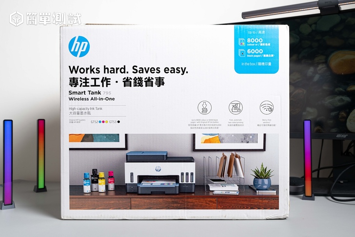 我手邊剛好有一台 HP(惠普)的 Smart Tank 795 家用型連續噴墨印表機。型號 795 是 Smart Tank 系列中的旗艦機型,該系列還有 755 和 725 另外兩款。
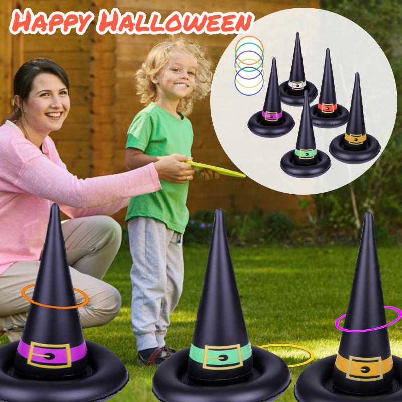 Надувная шляпа ведьмы, игра в метание колец, игра на Хэллоуин, вечеринка, игры, принадлежности для дома и улицы с надувным кольцом, праздничные игрушки
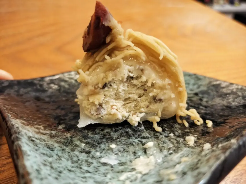 ・栗の濃厚さと北海道産の生クリームが織りなす味わいが口の中に広がる。

[WHAT YOU ARE ASKED TO DO] Please set down every line of the data above precisely, dropping the images.

[RESPONSE]
 我手邊剛好有一台 HP(惠普)的 Smart Tank 795 家用型連續噴墨印表機。型號 795 是 Smart Tank 系列中的旗艦機型,該系列還有 755 和 725 另外兩款。
 Надувная шляпа ведьмы, игра в метание колец, игра на Хэллоуин, вечеринка, игры, принадлежности для дома и улицы с надувным кольцом, праздничные игрушки
 ・栗の濃厚さと北海道産の生クリームが織りなす味わいが口の中に広がる。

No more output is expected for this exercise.